Graduate School of Science, Hokkaido University^* Department of Food and Bioscience, Faculty of Food and Nutrition, Beppu University^**
○Kazuya Kondo^* Takeshi Hayashi^** Nobuhisa Watanabe^* Isao Tanaka^*

Streptomyces coelicolor A3(2) is a representative of the group of soil-dwelling, filamentous bacteria responsible for producing most natural antibiotic used in human and veterinary medicine. It is predicted that numerous regulatory genes are contained in the genome of S.coelicolor A3(2), and they are likely to adapt to a wide range of environmental condition. To reveal the regulatory mechanism of antibiotic and other useful secondary metabolite makes it possible to develop useful material production system by actinomyces.

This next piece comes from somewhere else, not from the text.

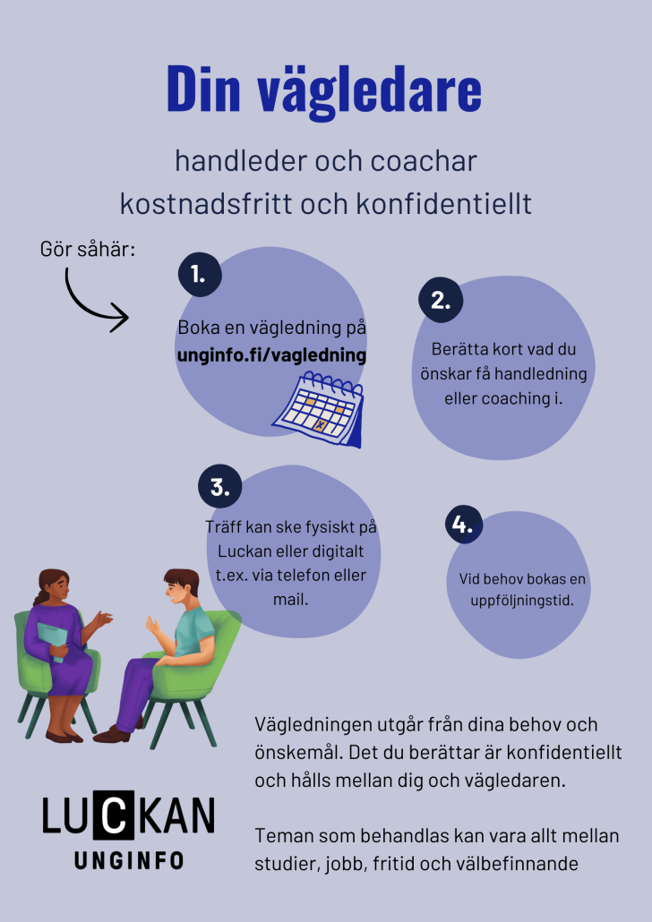 Informations-, rådgivnings- och vägledningstjänster för unga och unga vuxna på svenska.

In the genome of S.coelicolor A3(2), it is estimated that 150 putative TetR family regulatory proteins are encoded. They control gene expression of their products that are involved in multidrug resistance, enzymes implicated in catabolic pathway, biosynthesis of antibiotics and so on. These proteins have two domains; a C-terminal regulatory domain and an N-terminal DNA-binding domain which contains highly conserved helix-turn-helix motif. Despite of a high degree of sequence similarity at the DNA-binding domain, structural determination of those proteins by molecular replacement has difficulty for low similarity at the regulatory domain.
To elucidate the transcriptional mechanism, we attempt the S-SAD method, which means Single wavelength Anomalous Diffraction method using Sulfur atoms in the protein as anomalous scatterers, for analyzing crystal structure of transcription factors. Our targets are putative TetR family regulatory proteins; SCO0241, SCO0332, SCO7518, SCO7651 and SCO7815, and their ΔF/F value at Cr/Cu Ka radiation are expected as 1.653/0.806, 1.045/0.509, 1.086/0.529, 1.221/0.595 and 1.425/0.694 by those sulfur contents, respectively. In this conference, we'll discuss the results of in-house S-SAD method for structural determinations.